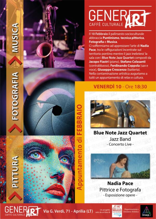 L’arte di Nadia Pace e musica jazz oggi ad Aprilia per il nuovo incontro della rassegna “GenerART”.
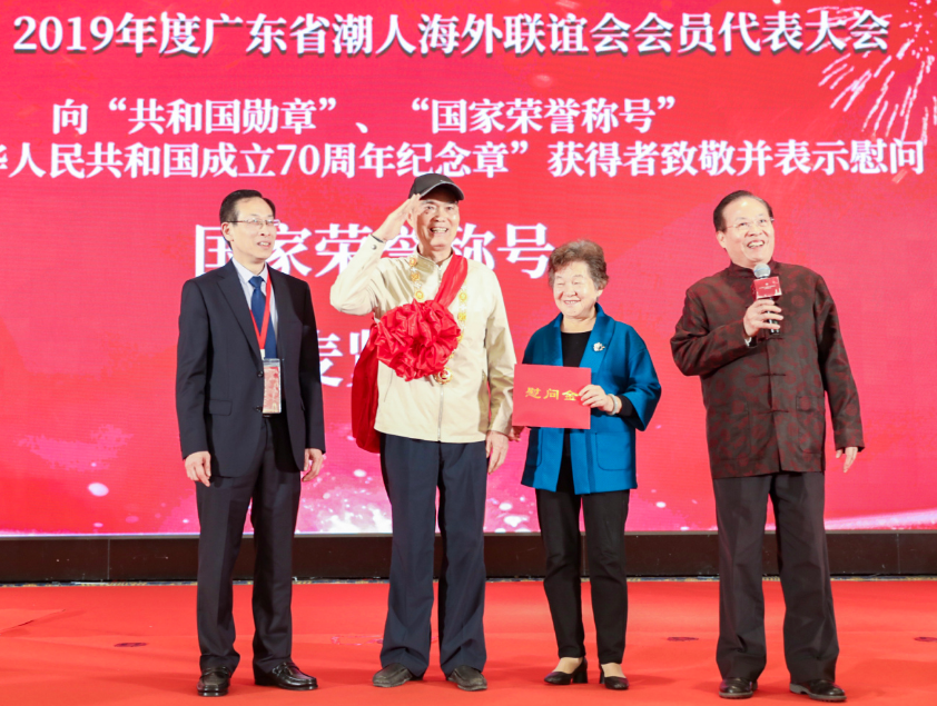 會上,宣讀了省潮聯會對共和國勳章、國家榮譽稱號、慶祝中華人民共和國成立70周年紀念章獲得者的致敬詞。蔡東士會長和黃武副主席為共和國勳章獲得者黃旭華(委託代表楊必成領取)、國家榮譽稱號獲得者麥賢得頒發了慰問金;張汝成中將、黃偉鴻副主任、李統書副主席、鄭木明第一常務副會長、省僑聯黨組成員邵瑾為出席大會的11位紀念章獲得者頒發慰問金。會後,還將由省潮聯會領導專程上門為未出席會議的受致敬者奉贈慰問金。紀念章獲得者杜聯堅先生代表受致敬者作了發言。
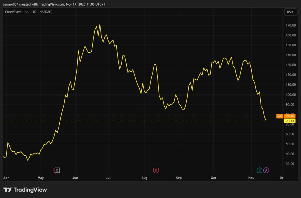 Najnovším veľmi zaujímavým faktorom, ktorý vyvolal významné otázky, bola správa spoločnosti CoreWeave. Táto spoločnosť vstúpila na burzu nedávno – v marci tohto roka. Bola to jedna z najzaujímavejších primárnych emisií akcií v ostatnom období.
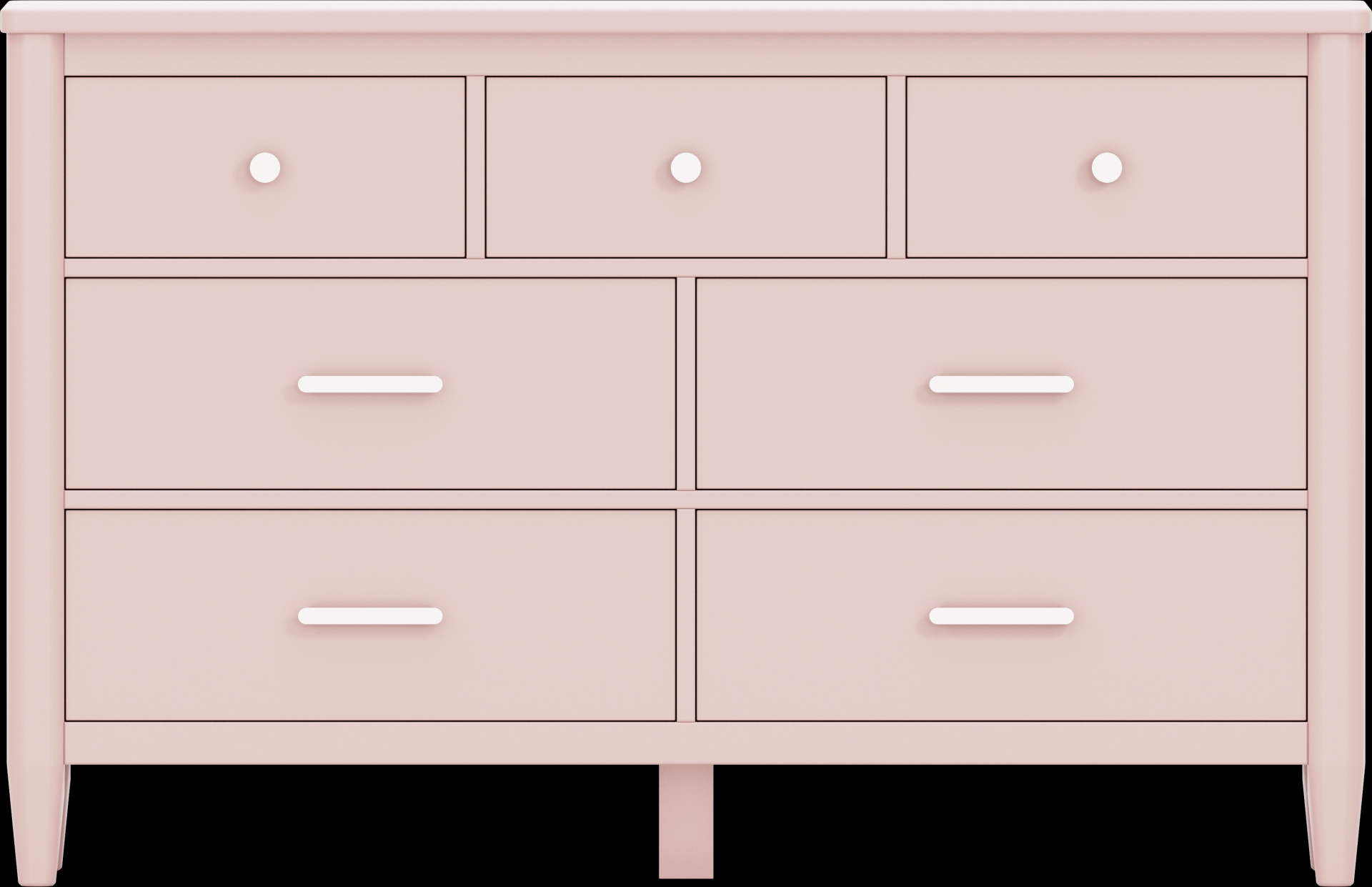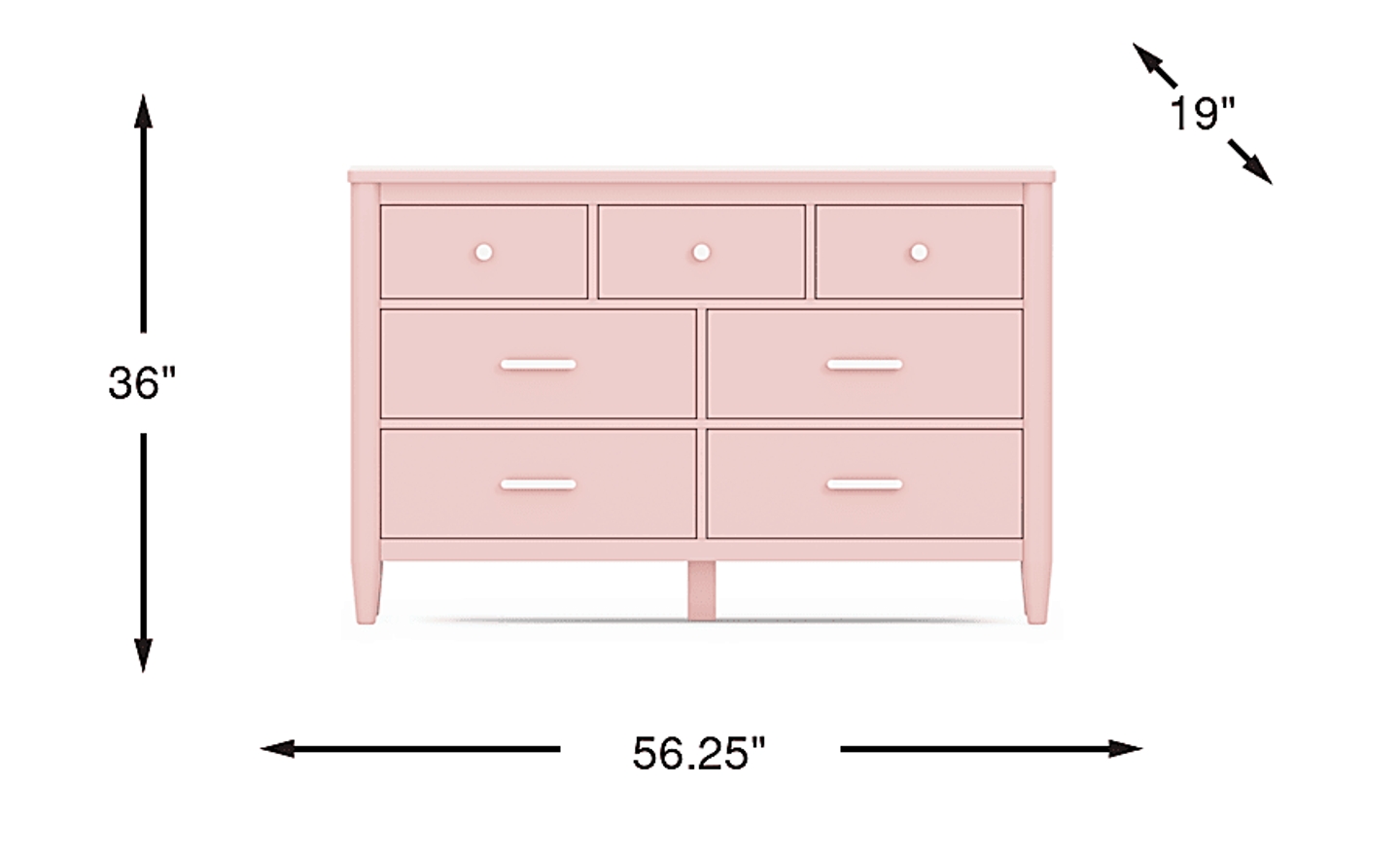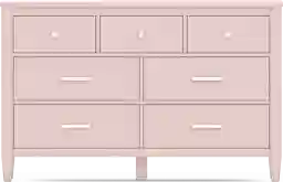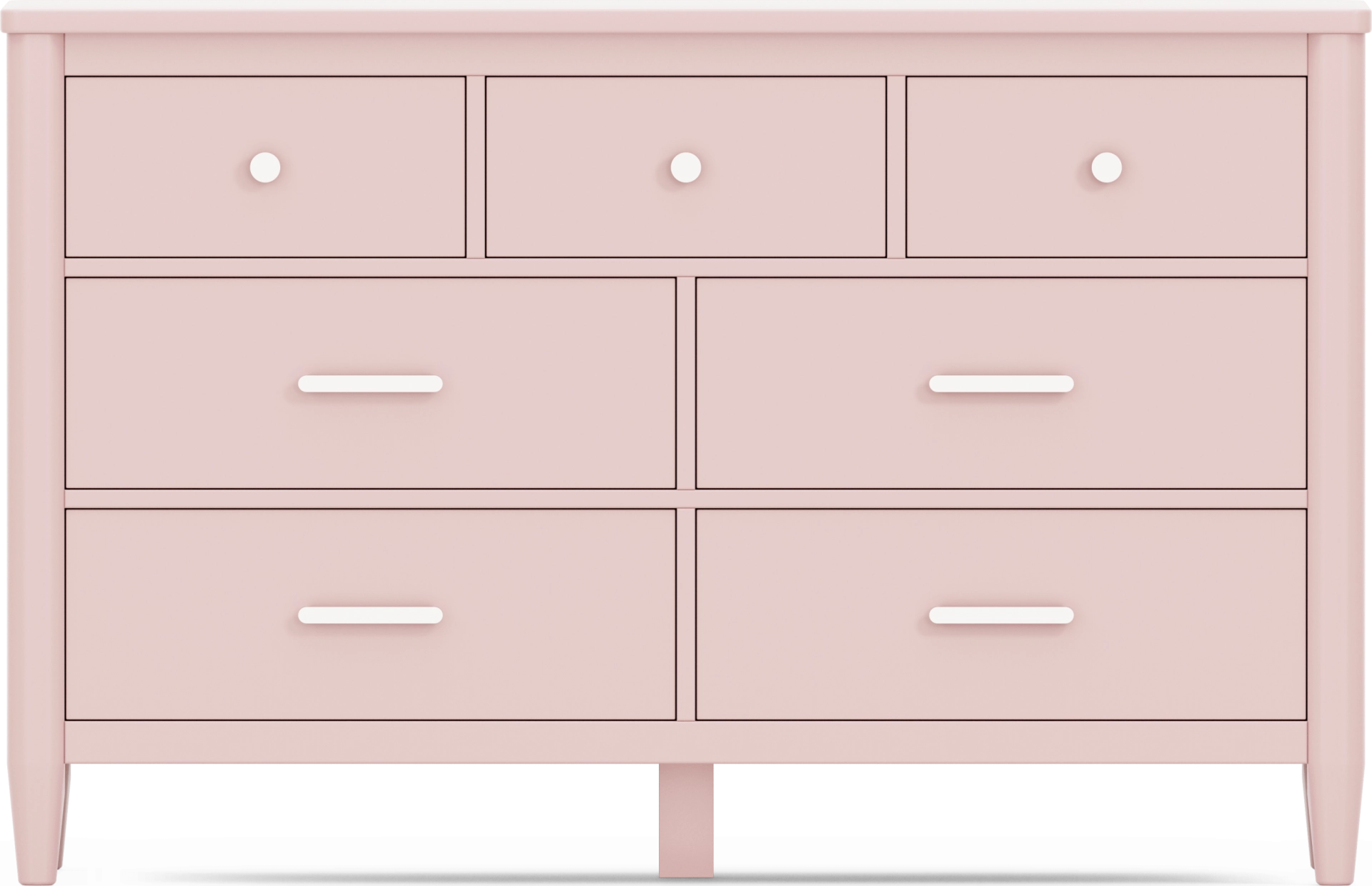 The ultimate style for your color obsession is finally here with the Modern Colors dresser. Showcasing pink finish, this piece balances ultra-sleek craftsmanship with an easygoing look. Each of the seven drawers are sanded smooth to help store clothing, extra bedlinens and more. The drawers are crafted with front French dovetail joints and have ball bearing, side mounted glides. Knobs on the top three drawers and pulls on the remaining four drawers are finished in brushed nickel. Brushed gold hardware is also included with purchase. Tapered spun legs supply the dresser with a chic final touch.
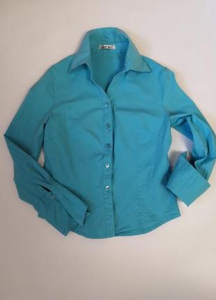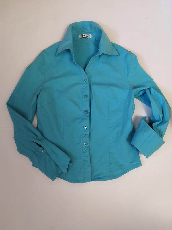 Рубашка Ledy Mel, размер Л. Замеры: длина по спинке 53 см, длина по боковому шву от рукава 44,5 см; плечи 35 см, полуобхват груди 40 см, полуобхват талии 36 см, полуобхват снизу 41 см; длина рукава от плеча 57 см (манжет 13,5 см). Ткань приятная к телу, эластична, немного тянется (в составе 10% спандекс). Рубашка голубого цвета, имеет привлекательный внешний вид.
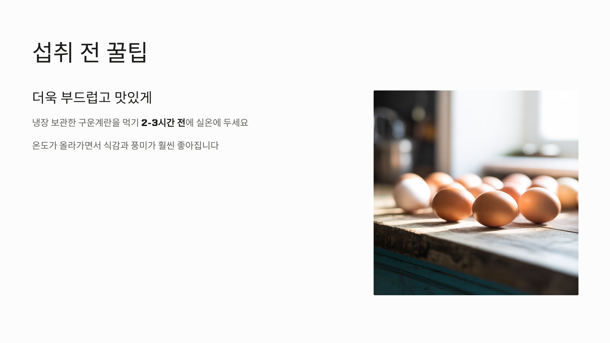 - 냉장 보관한 구운계란은 섭취 전 2~3시간 실온에 두면 더욱 부드럽고 맛있게 즐길 수 있습니다.
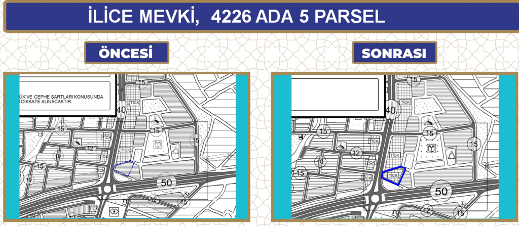 İlice Mevki, 4226 ada 5 parselin Çorum idare Mahkemesinin 2022/898 Esas nolu, 2023/256 Karar nolu mahkeme kararında belirtilen hususlar dikkate alınarak zemin katta ticari kullanıma olanak sağlayacak şekilde Belediyemizce plan müellifine hazırlattırılan 1/5000 ölçekli Nazım İmar Planı Değişikliği teklifi ile “Ticaret+Konut” alanı olarak planlanması şeklindeki A grubu plan müellifine hazırlattırılan 1/5000 ölçekli Nazım İmar Planı(NİP:191018347) değişikliği teklifi, 3194 Sayılı İmar Kanunun 8/b maddesi gereğince, Meclisçe 08.06.2023 tarih ve 95 sayılı karar ile OY BİRLİĞİYLE onanmıştır.
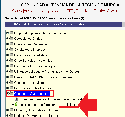 Las personas autorizadas al acceso a ICC/SANSONET que pertenezcan a la entidades jurídicas invitadas a manifestar su interés de participación en la subvenciones de accesibilidad tendrán su menú de ICC/SANSONET las siguientes opciones y permisos:
• • • • • • •
ABOUT THIS EXERCISE. For this exercise, transcribe the data exactly but without its pictures.

OUTPUT OF THE TASK.
 L’arte di Nadia Pace e musica jazz oggi ad Aprilia per il nuovo incontro della rassegna “GenerART”.
 會上,宣讀了省潮聯會對共和國勳章、國家榮譽稱號、慶祝中華人民共和國成立70周年紀念章獲得者的致敬詞。蔡東士會長和黃武副主席為共和國勳章獲得者黃旭華(委託代表楊必成領取)、國家榮譽稱號獲得者麥賢得頒發了慰問金;張汝成中將、黃偉鴻副主任、李統書副主席、鄭木明第一常務副會長、省僑聯黨組成員邵瑾為出席大會的11位紀念章獲得者頒發慰問金。會後,還將由省潮聯會領導專程上門為未出席會議的受致敬者奉贈慰問金。紀念章獲得者杜聯堅先生代表受致敬者作了發言。
 Najnovším veľmi zaujímavým faktorom, ktorý vyvolal významné otázky, bola správa spoločnosti CoreWeave. Táto spoločnosť vstúpila na burzu nedávno – v marci tohto roka. Bola to jedna z najzaujímavejších primárnych emisií akcií v ostatnom období.
 The ultimate style for your color obsession is finally here with the Modern Colors dresser. Showcasing pink finish, this piece balances ultra-sleek craftsmanship with an easygoing look. Each of the seven drawers are sanded smooth to help store clothing, extra bedlinens and more. The drawers are crafted with front French dovetail joints and have ball bearing, side mounted glides. Knobs on the top three drawers and pulls on the remaining four drawers are finished in brushed nickel. Brushed gold hardware is also included with purchase. Tapered spun legs supply the dresser with a chic final touch.
 Рубашка Ledy Mel, размер Л. Замеры: длина по спинке 53 см, длина по боковому шву от рукава 44,5 см; плечи 35 см, полуобхват груди 40 см, полуобхват талии 36 см, полуобхват снизу 41 см; длина рукава от плеча 57 см (манжет 13,5 см). Ткань приятная к телу, эластична, немного тянется (в составе 10% спандекс). Рубашка голубого цвета, имеет привлекательный внешний вид.
 - 냉장 보관한 구운계란은 섭취 전 2~3시간 실온에 두면 더욱 부드럽고 맛있게 즐길 수 있습니다.
 İlice Mevki, 4226 ada 5 parselin Çorum idare Mahkemesinin 2022/898 Esas nolu, 2023/256 Karar nolu mahkeme kararında belirtilen hususlar dikkate alınarak zemin katta ticari kullanıma olanak sağlayacak şekilde Belediyemizce plan müellifine hazırlattırılan 1/5000 ölçekli Nazım İmar Planı Değişikliği teklifi ile “Ticaret+Konut” alanı olarak planlanması şeklindeki A grubu plan müellifine hazırlattırılan 1/5000 ölçekli Nazım İmar Planı(NİP:191018347) değişikliği teklifi, 3194 Sayılı İmar Kanunun 8/b maddesi gereğince, Meclisçe 08.06.2023 tarih ve 95 sayılı karar ile OY BİRLİĞİYLE onanmıştır.
 Las personas autorizadas al acceso a ICC/SANSONET que pertenezcan a la entidades jurídicas invitadas a manifestar su interés de participación en la subvenciones de accesibilidad tendrán su menú de ICC/SANSONET las siguientes opciones y permisos:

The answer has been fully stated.